Could the data below be copied exactly, minus the pictures?
[RAW DATA Boundary: Start]
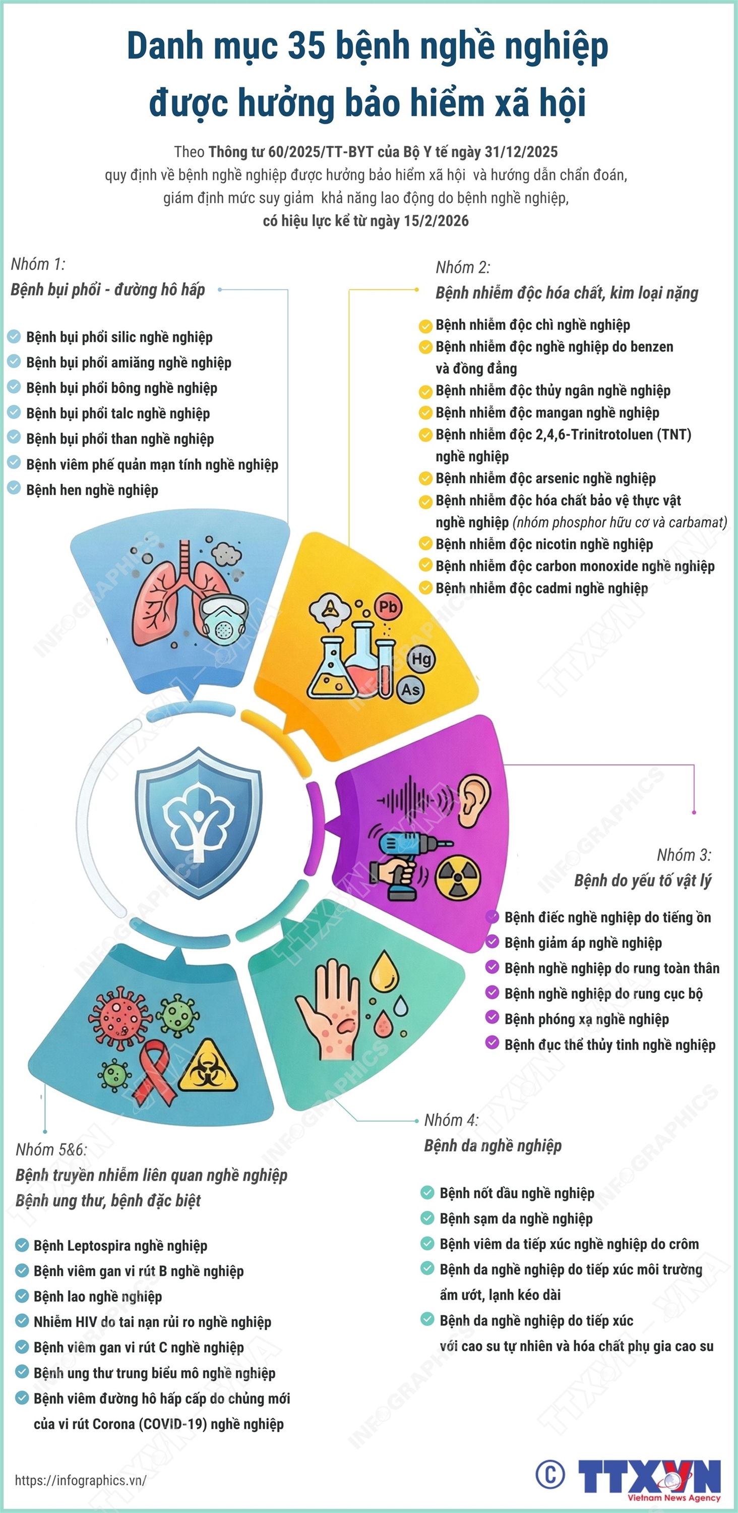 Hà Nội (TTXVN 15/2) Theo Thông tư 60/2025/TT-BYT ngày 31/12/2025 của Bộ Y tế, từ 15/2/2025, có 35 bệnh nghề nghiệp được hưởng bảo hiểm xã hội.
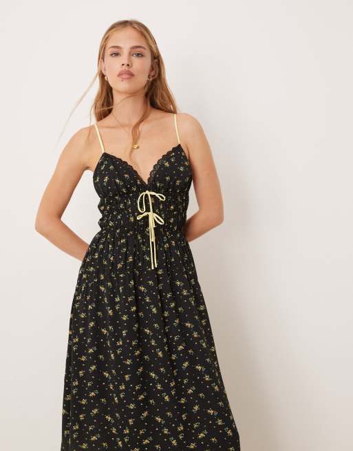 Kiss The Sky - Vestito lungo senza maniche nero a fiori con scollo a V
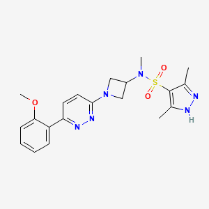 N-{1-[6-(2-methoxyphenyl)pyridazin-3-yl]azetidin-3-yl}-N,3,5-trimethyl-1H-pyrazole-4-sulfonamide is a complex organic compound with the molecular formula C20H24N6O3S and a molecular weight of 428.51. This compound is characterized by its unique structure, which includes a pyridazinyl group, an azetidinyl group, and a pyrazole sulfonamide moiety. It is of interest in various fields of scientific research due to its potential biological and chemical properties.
[RAW DATA Boundary: End]
» **ANSWER TO THIS PROBLEM**
 Hà Nội (TTXVN 15/2) Theo Thông tư 60/2025/TT-BYT ngày 31/12/2025 của Bộ Y tế, từ 15/2/2025, có 35 bệnh nghề nghiệp được hưởng bảo hiểm xã hội.
 Kiss The Sky - Vestito lungo senza maniche nero a fiori con scollo a V
 N-{1-[6-(2-methoxyphenyl)pyridazin-3-yl]azetidin-3-yl}-N,3,5-trimethyl-1H-pyrazole-4-sulfonamide is a complex organic compound with the molecular formula C20H24N6O3S and a molecular weight of 428.51. This compound is characterized by its unique structure, which includes a pyridazinyl group, an azetidinyl group, and a pyrazole sulfonamide moiety. It is of interest in various fields of scientific research due to its potential biological and chemical properties.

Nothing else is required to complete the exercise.